[TASK DETAILS]
Take the records below and set down exactly the lines from the one with "Potrebujete zanesljivo napajanje" to the one with "Chaveiro de resina, personalização", ends included; do not copy the pictures.

[THE DATA]
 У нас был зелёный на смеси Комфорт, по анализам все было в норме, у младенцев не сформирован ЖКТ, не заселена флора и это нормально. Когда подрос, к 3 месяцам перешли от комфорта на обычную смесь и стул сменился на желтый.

* * *

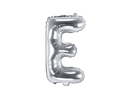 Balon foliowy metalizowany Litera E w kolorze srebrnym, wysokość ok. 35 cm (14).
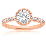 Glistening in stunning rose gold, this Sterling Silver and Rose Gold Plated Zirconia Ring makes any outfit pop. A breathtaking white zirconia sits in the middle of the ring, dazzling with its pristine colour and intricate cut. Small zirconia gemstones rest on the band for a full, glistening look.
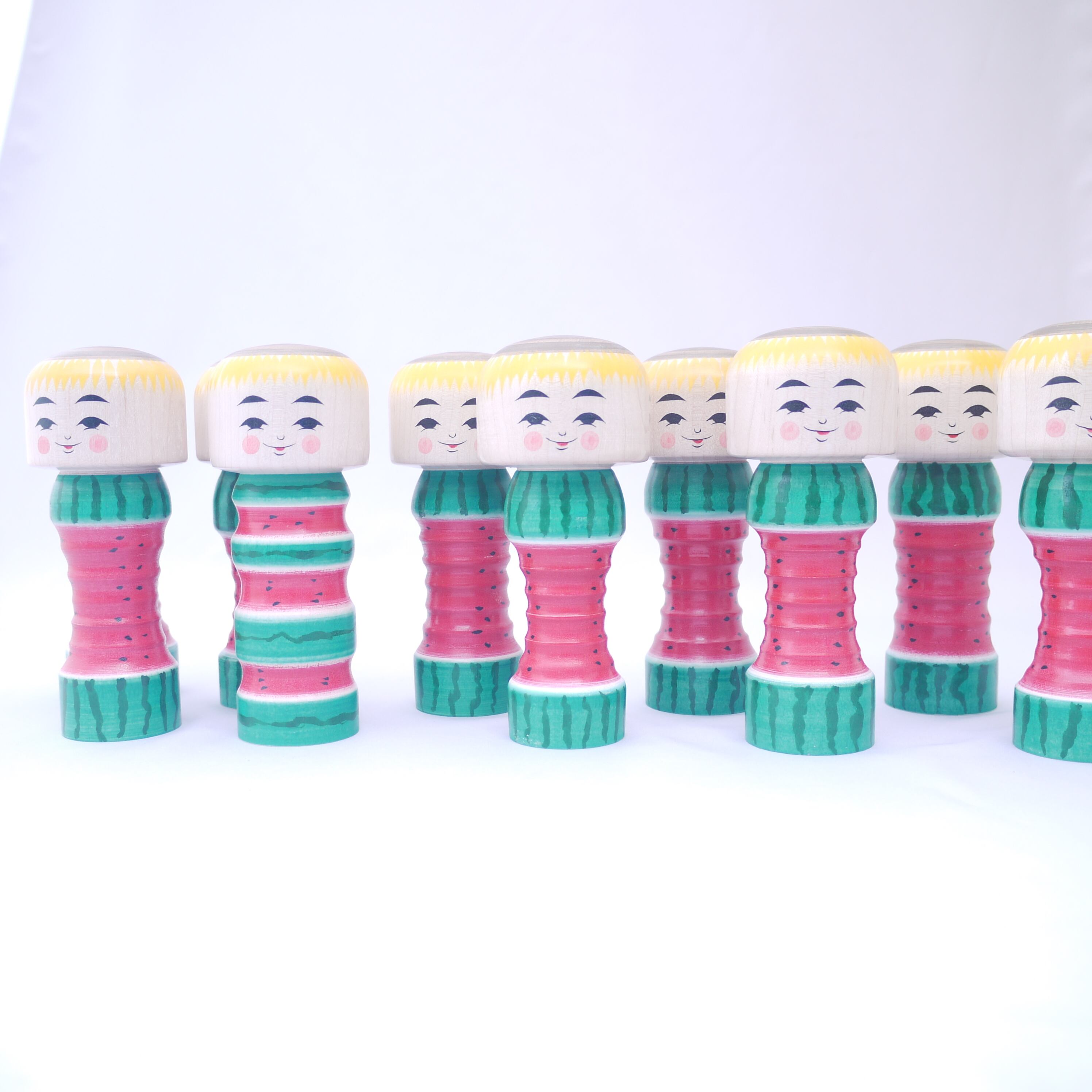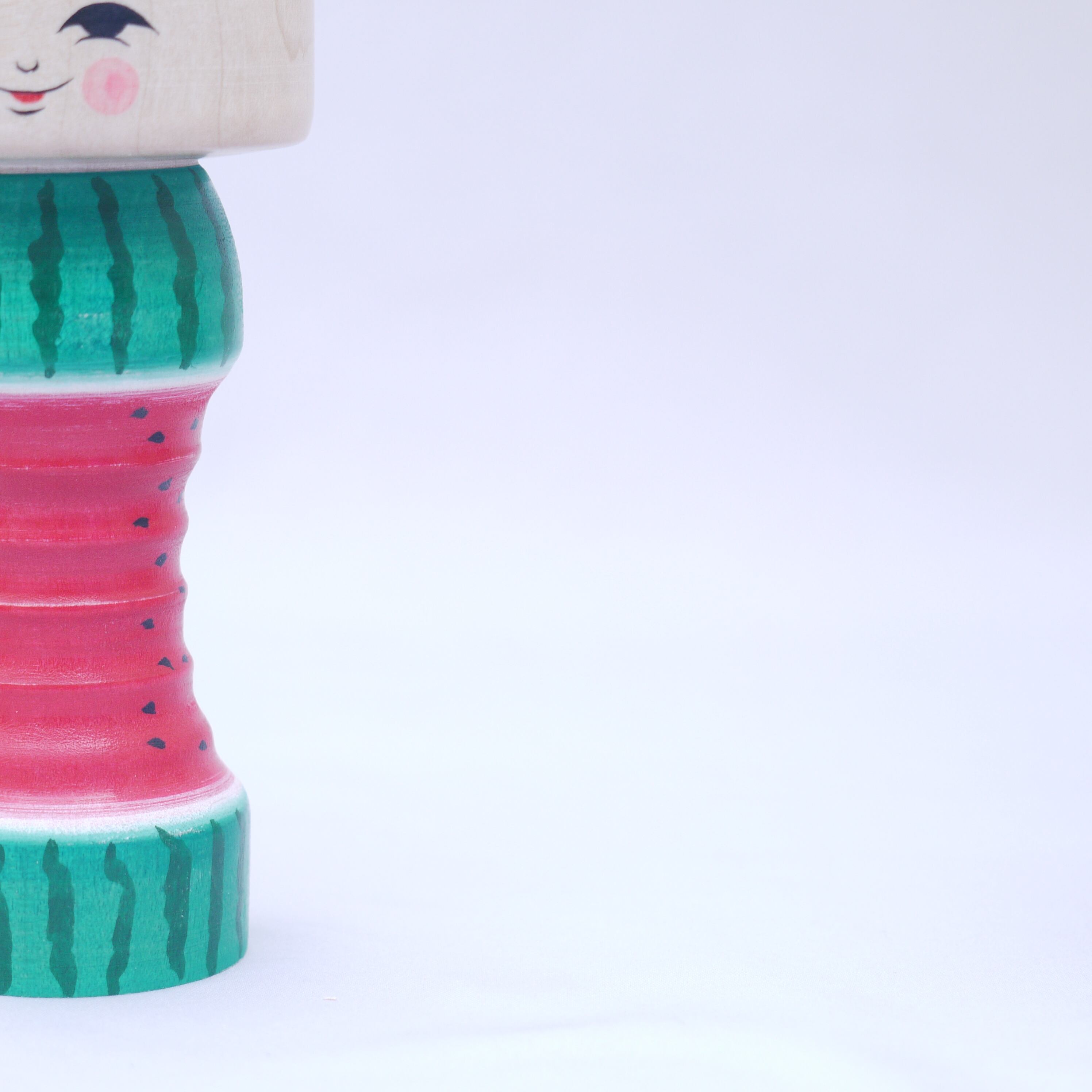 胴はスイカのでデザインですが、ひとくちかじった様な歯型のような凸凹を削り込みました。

--

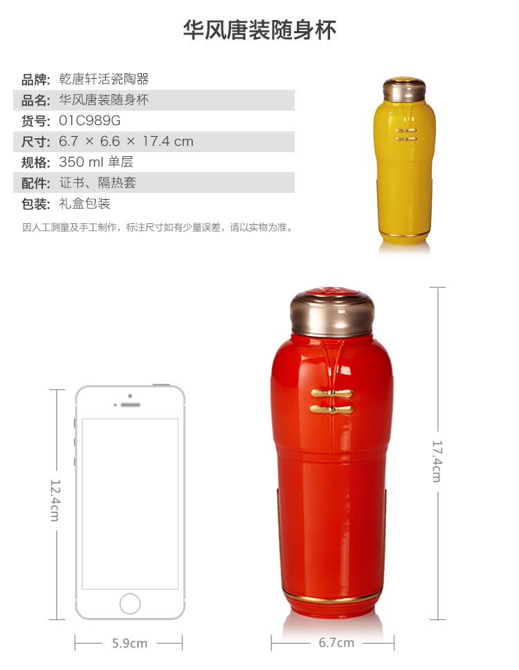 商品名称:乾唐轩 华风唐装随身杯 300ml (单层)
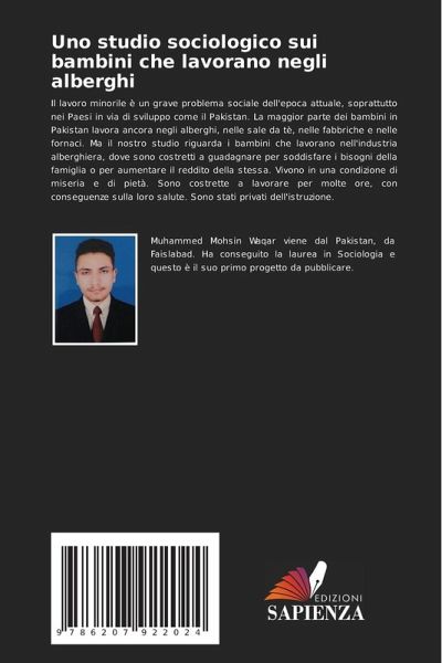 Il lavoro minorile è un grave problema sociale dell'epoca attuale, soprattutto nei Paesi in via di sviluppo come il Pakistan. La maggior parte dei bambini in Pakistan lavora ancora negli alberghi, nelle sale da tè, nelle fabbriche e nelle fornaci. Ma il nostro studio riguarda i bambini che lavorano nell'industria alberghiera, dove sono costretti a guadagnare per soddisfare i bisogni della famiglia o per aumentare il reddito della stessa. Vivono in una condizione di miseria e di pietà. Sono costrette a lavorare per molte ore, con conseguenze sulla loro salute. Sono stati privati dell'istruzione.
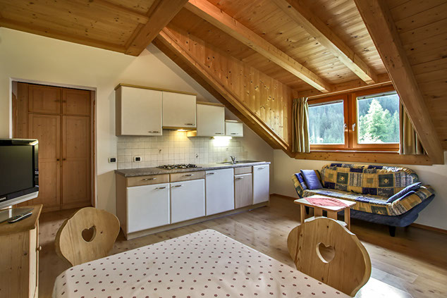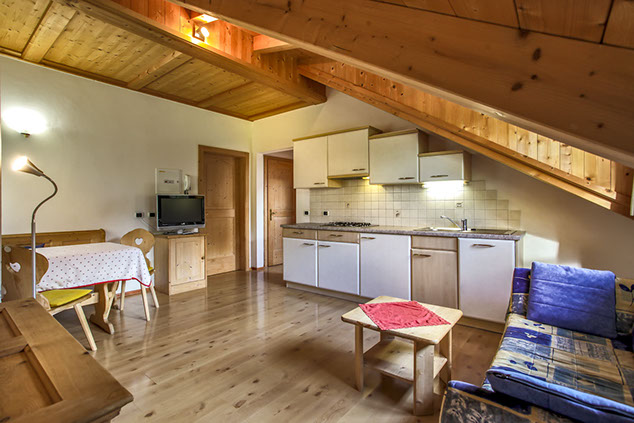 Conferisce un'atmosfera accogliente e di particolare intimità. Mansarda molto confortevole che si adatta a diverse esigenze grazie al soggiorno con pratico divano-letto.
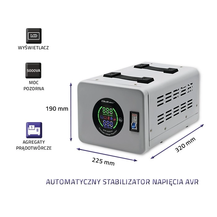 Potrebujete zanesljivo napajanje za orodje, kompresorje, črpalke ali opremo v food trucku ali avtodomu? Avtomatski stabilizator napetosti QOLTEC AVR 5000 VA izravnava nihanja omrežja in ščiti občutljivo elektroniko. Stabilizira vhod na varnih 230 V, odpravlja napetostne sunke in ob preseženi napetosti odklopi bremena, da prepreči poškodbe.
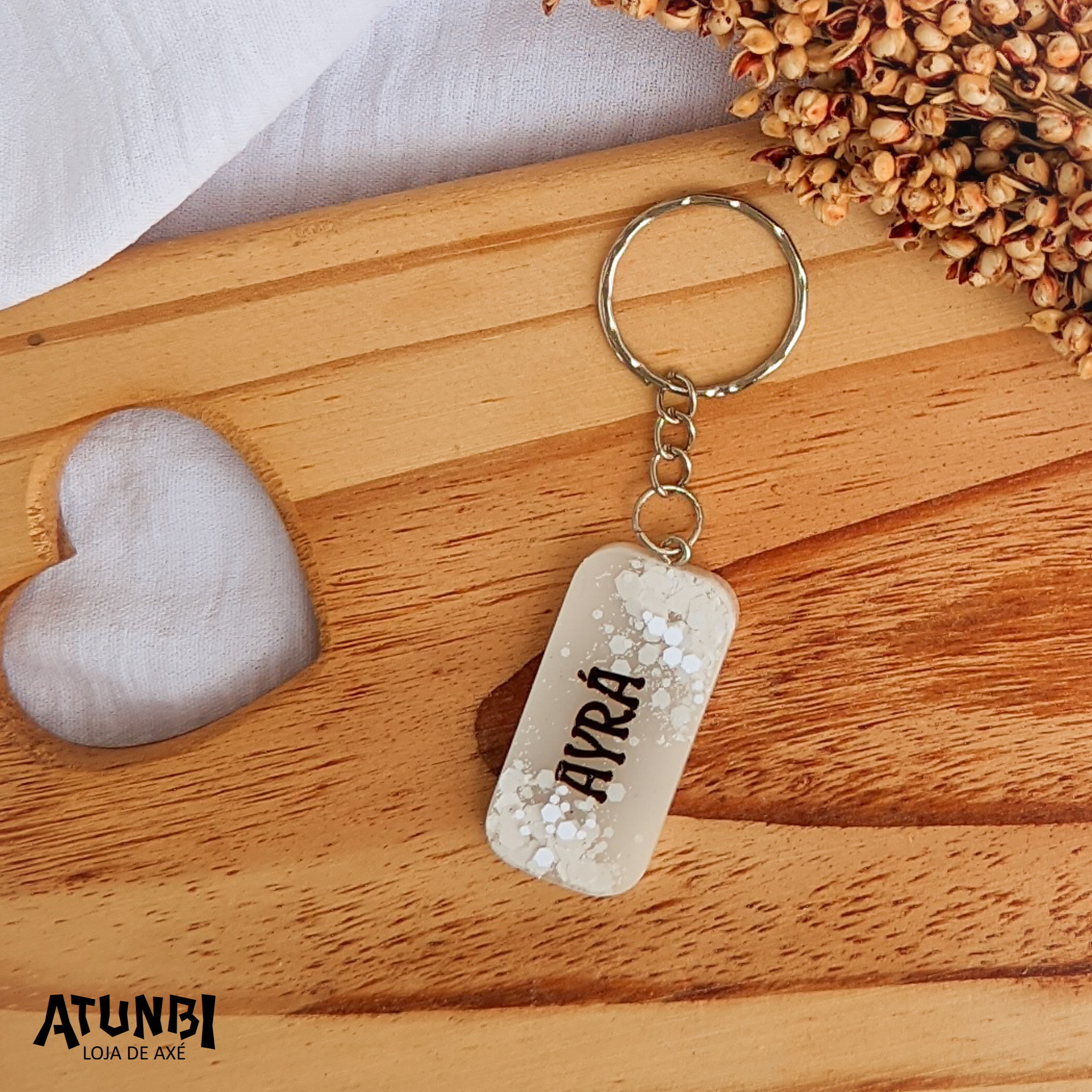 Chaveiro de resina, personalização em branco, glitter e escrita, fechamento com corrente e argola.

[OUTPUT BELOW]
 Potrebujete zanesljivo napajanje za orodje, kompresorje, črpalke ali opremo v food trucku ali avtodomu? Avtomatski stabilizator napetosti QOLTEC AVR 5000 VA izravnava nihanja omrežja in ščiti občutljivo elektroniko. Stabilizira vhod na varnih 230 V, odpravlja napetostne sunke in ob preseženi napetosti odklopi bremena, da prepreči poškodbe.
 Chaveiro de resina, personalização em branco, glitter e escrita, fechamento com corrente e argola.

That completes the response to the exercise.